Endométriose et médecines douces

LES CAUSES ET FACTEURS DE RISQUES

On note aujourd’hui plusieurs causes et facteurs de risques :

  • Les dérèglements hormonaux et une surproduction d’oestrogènes.
  • Les toxiques environnementaux et les perturbateurs endocriniens.
  • Les femmes présentant un facteur Rhésus négatif sont deux fois plus susceptibles de développer une endométriose.
  • La taille physique des femmes représente également un facteur de risque accru de développement de l’endométriose : une grande taille est associée à un risque plus important d’endométriose.
  • Une étude démontre l’existence de facteurs héréditaires.
  • Un potentiel angiogénique élevé .
  • Une déficience immunitaire, une faiblesse hépatique ou fatigue surrénalienne…

COMMENT DIAGNOSTIQUER L’ENDOMÉTRIOSE ?

Le diagnostic de l’endométriose est complexe car la maladie revêt des formes variées.

L’interrogatoire de la patiente par le médecin, gynécologue ou généraliste doit pouvoir orienter le diagnostic : douleurs pendant les règles, pendant les rapports sexuels, troubles digestifs, urinaires, saignements anarchiques, douleurs à la marche …

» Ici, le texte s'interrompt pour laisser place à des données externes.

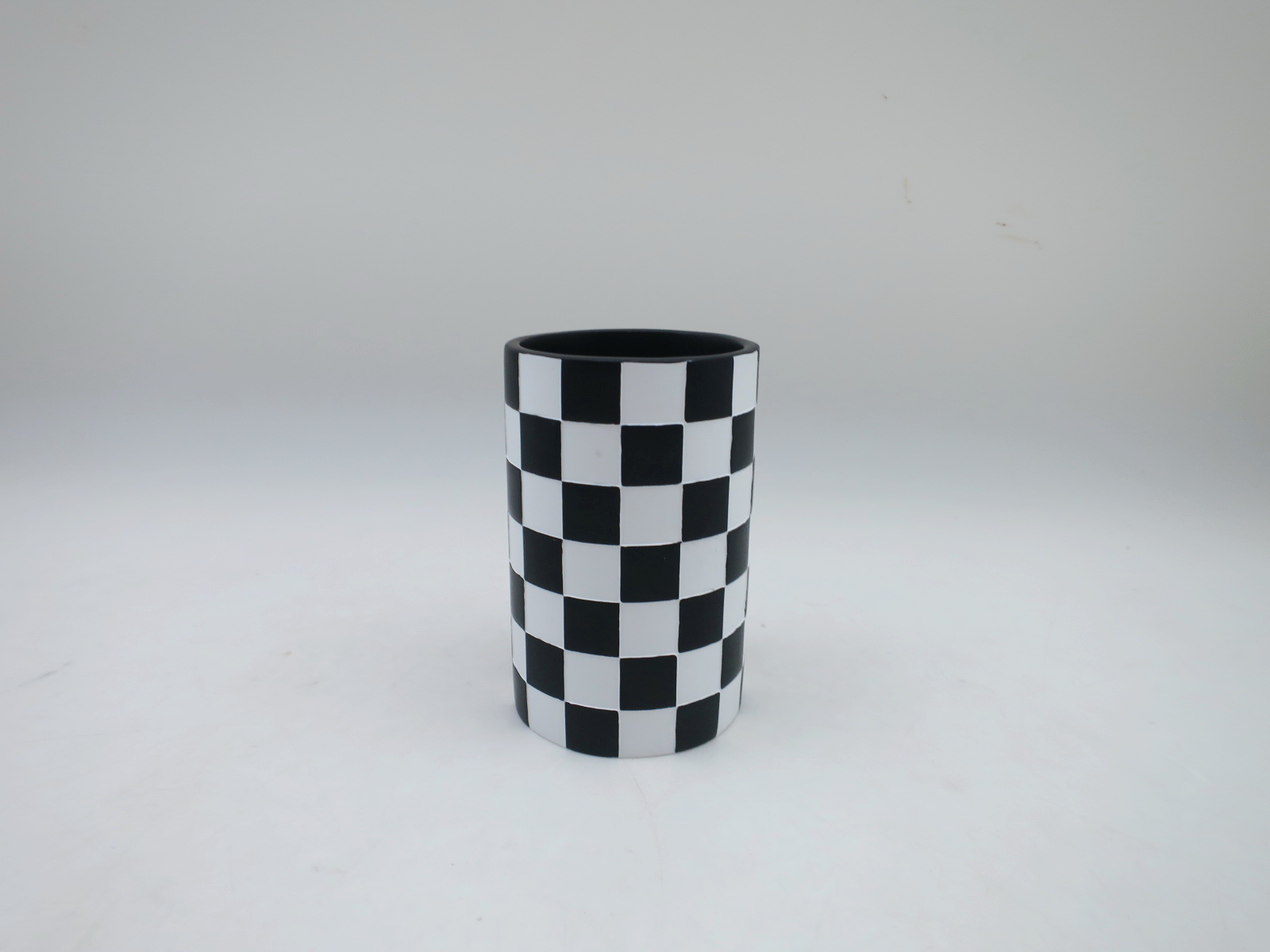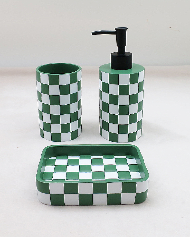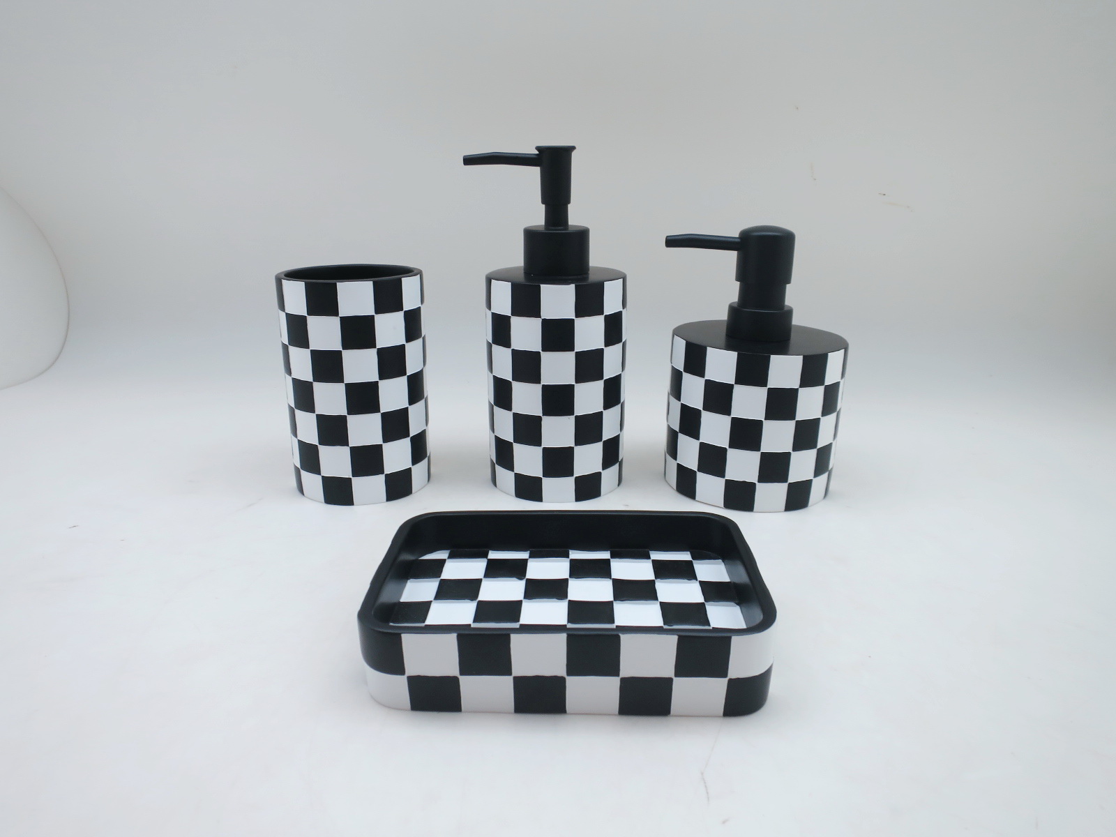 Polyresin Bathroom Accessories Set Checkerboard Design

Cet interrogatoire amènera le médecin à prescrire différents examens (radiologiques ou chirurgicaux) :

  • Echographie /échographie pelvienne.
  • IRM.
  • Hystérographie ou Hystérosalpingographie.
  • Echographie endorectale.
  • Coloscanner à l’air, coloscopie virtuelle, uroscanner.
  • Cœlioscopie ou Laparotomie.

QUELS SONT LES SIGNES DE L’ENDOMÉTRIOSE

Dans 20% des cas, l’endométriose peut être asymptomatique. Mais cette pathologie peut aussi provoquer des symptômes divers et variés tels que :

  • Des dysménorrhées.
  • Des dyspareunies (relations sexuelles douloureuses).
  • Des douleurs pelviennes.
  • De la dysurie (difficulté à uriner) et/ou de la dyschésie (difficulté douloureuse pour éliminer les selles).
  • Des douleurs lombaires et abdominales.
  • Des saignements prémenstruels, des ménorragies ou des rectorragies.
  • Une fatigue chronique.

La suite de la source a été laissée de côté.